A patient needs an IV drip of 5% glucose (MW = 180 g/mol, $i = 1$). Is this approximately isotonic? Calculate to verify.

Hint

(1) 0.9% NaCl = 9 g/L. Molarity $= 9/58.44 = 0.154\;\text{M}$. NaCl dissociates: $i = 2$ (approx). Osmolarity $= 2 \times 0.154 = 0.308\;\text{Osm/L} \approx 308\;\text{mOsm/L}$. $\pi = iMRT = 2 \times 0.154 \times 8.314 \times 310 = 793\;\text{kPa} \approx 7.8\;\text{atm}$. This is approximately isotonic (close to 300 mOsm/L). (2) 0.45% NaCl: 154 mOsm/L. This is hypotonic. Water enters cells by osmosis, cells swell and may lyse (hemolysis). Pressure difference: $\Delta\pi = RT\Delta c \approx 3.9\;\text{atm}$. (3) 5% glucose: $50/180 = 0.278\;\text{M}$, $i = 1$. Osmolarity = 278 mOsm/L. Close to isotonic (within 7% of 300). Approximately isotonic — suitable for IV use.

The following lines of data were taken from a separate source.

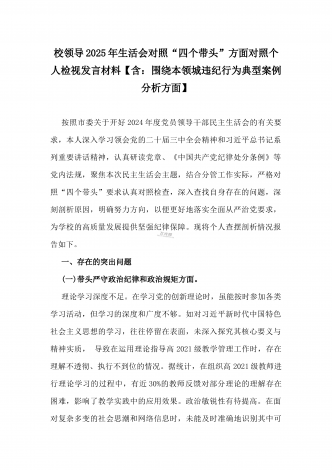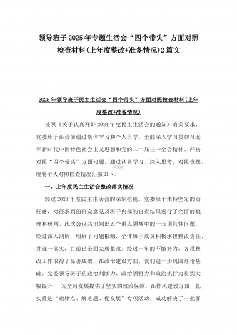 幼儿园党支部2025年组织生活会领导班子树立正确“五观”、增强“五个认同”等五个方面对照检视发言材料与国有企业领导班子“四个带头”方面对照检查发言材料2篇文幼儿园党支部2025年组织生活会领导班子树立正确“五观”、增强“五个认同”等五个方面对照检视发言材料按照开好2024年度组织生活会的安排部署,会前,党支部班子通过个人自学和集体学习,深入学习领会习近平总书记重要讲话重要指示精神,认真学习党章、《条例》等党内法规,深刻领会进一步全面深化改革的重大意义,通过与班子成员和广大教师、党员进行了谈心谈话...
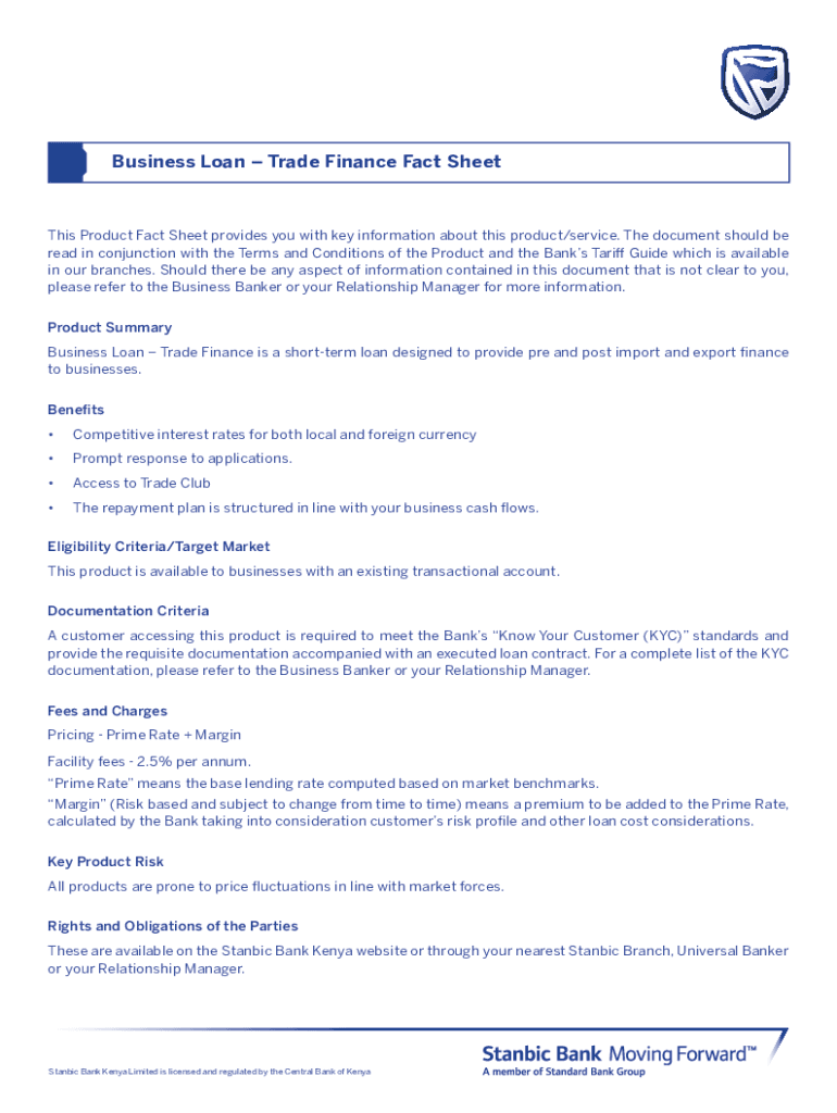 Business Loan Trade Finance Fact Sheets Product Fact Sheet provides you with key information about this product/service. The document should be read in conjunction with the Terms and Conditions of
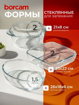 Набор жаропрочной посуды Borcam 3 шт: стекло, овальная форма, крышка — для духовки, СВЧ, посудомойки. Идеально для запекания и сервировки. Почему выбирают: Стекло Borcam выдерживает резкие перепады температур и не впитывает запахи — безопасно для здоровья Три формы разного объёма (2 л, 2 л, 1,5 л) с крышкой — удобно для запекания курицы, рыбы, выпечки Многофункциональность: подходит для дома, дачи, подарка, легко мыть в посудомоечной машине Набор жаропрочной посуды Borcam из 3 предметов — идеальное решение для тех, кто ищет, какую посуду выбрать для духовки и микроволновки. Овальные формы из прочного стекла (объём 2, 2 и 1,5 литра) подходят для запекания курицы, рыбы, куличей и других блюд. Крышка в комплекте помогает сохранять сочность и аромат, а прозрачный материал позволяет контролировать процесс готовки без открытия. Многие спрашивают, чем отличается стеклянная жаропрочная посуда от металлической или керамической. Стекло Borcam не вступает в реакцию с продуктами, не окрашивается и не впитывает запахи, что особенно важно для аллергиков и семей с детьми. Формы подходят для использования в СВЧ и духовке, их можно мыть в посудомойке, что экономит время. В отличие от аналогов без крышки, этот набор сохраняет свежесть блюда дольше. Как использовать набор? Просто выберите подходящий размер формы, поместите продукты, накройте крышкой и отправьте в духовку или микроволновку. Благодаря овальной форме посуда занимает минимум места на полке и в холодильнике. Закажите набор Borcam прямо сейчас — получите универсальную посуду для любых блюд, которая прослужит долгие годы. Бесплатная доставка и гарантия оригинальности товара. Частые вопросы: Можно ли использовать эти формы для выпечки хлеба и куличей? Да, набор включает формы объёмом 2 и 1,5 литра, которые отлично подходят для выпечки хлеба, куличей, запекания мяса и рыбы. Стекло выдерживает высокие температуры и не трескается при перепадах. Подходит ли для мытья в посудомоечной машине и использования в микроволновке? Да, посуда Borcam совместима с посудомойкой и СВЧ. Это экономит ваше время и упрощает уход за формами. Какой размер у самой большой формы в наборе? Максимальный объём — 2 литра, диаметр 21 см, высота 8 см. Все формы овальные, что удобно для запекания целой курицы или крупной рыбы.
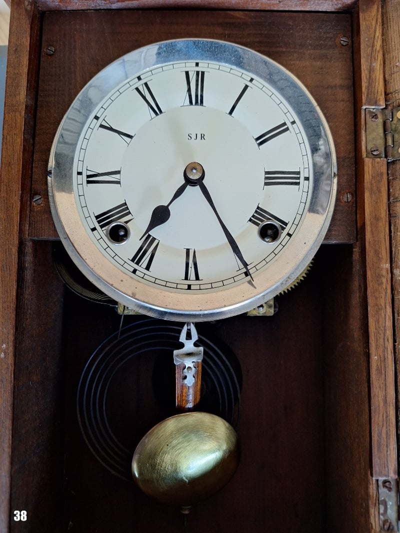 SJR INITIALED CHIMING TIMBER WALL CLOCKItem Size: Height: 46cm, Width: 21.5cm, Depth: 10cmUnknown Maker. Key And Pendulum In Clock. Working Condition.584589+38

15 Environmental Science — Greenhouse Effect Physics / Chemistry / Environment Olympiad Level

Earth receives solar radiation with intensity $S = 1361\;\text{W/m}^2$ (solar constant). Earth's average albedo is $\alpha = 0.30$.

Calculate the equilibrium surface temperature of Earth assuming no atmosphere (Stefan-Boltzmann law). Compare with the actual average temperature of 288 K.
Model a simple one-layer atmosphere that is transparent to visible light but absorbs and re-emits all infrared radiation. Calculate the surface temperature in this model.
$\text{CO}_2$ concentration has risen from 280 ppm (pre-industrial) to 420 ppm. Using the logarithmic forcing relation $\Delta F = 5.35\ln(C/C_0)\;\text{W/m}^2$, calculate the radiative forcing. If the climate sensitivity is $0.8\;\text{K}$ per $\text{W/m}^2$, estimate the expected warming.

Hint

(1) Energy balance: $\pi R^2 S(1-\alpha) = 4\pi R^2 \sigma T^4$. $T = \left[\frac{S(1-\alpha)}{4\sigma}\right]^{1/4} = \left[\frac{1361 \times 0.7}{4 \times 5.67 \times 10^{-8}}\right]^{1/4} = 255\;\text{K}$. Actual 288 K — the 33 K difference is the greenhouse effect. (2) One-layer model: atmosphere at $T_a$ radiates $\sigma T_a^4$ up and down. Surface: $\sigma T_s^4 = \frac{S(1-\alpha)}{4} + \sigma T_a^4$. Atmosphere: $2\sigma T_a^4 = \sigma T_s^4$. So $T_s = 2^{1/4} \times 255 = 303\;\text{K}$. (3) $\Delta F = 5.35\ln(420/280) = 5.35 \times 0.405 = 2.17\;\text{W/m}^2$. $\Delta T = 0.8 \times 2.17 = 1.73\;\text{K}$ warming.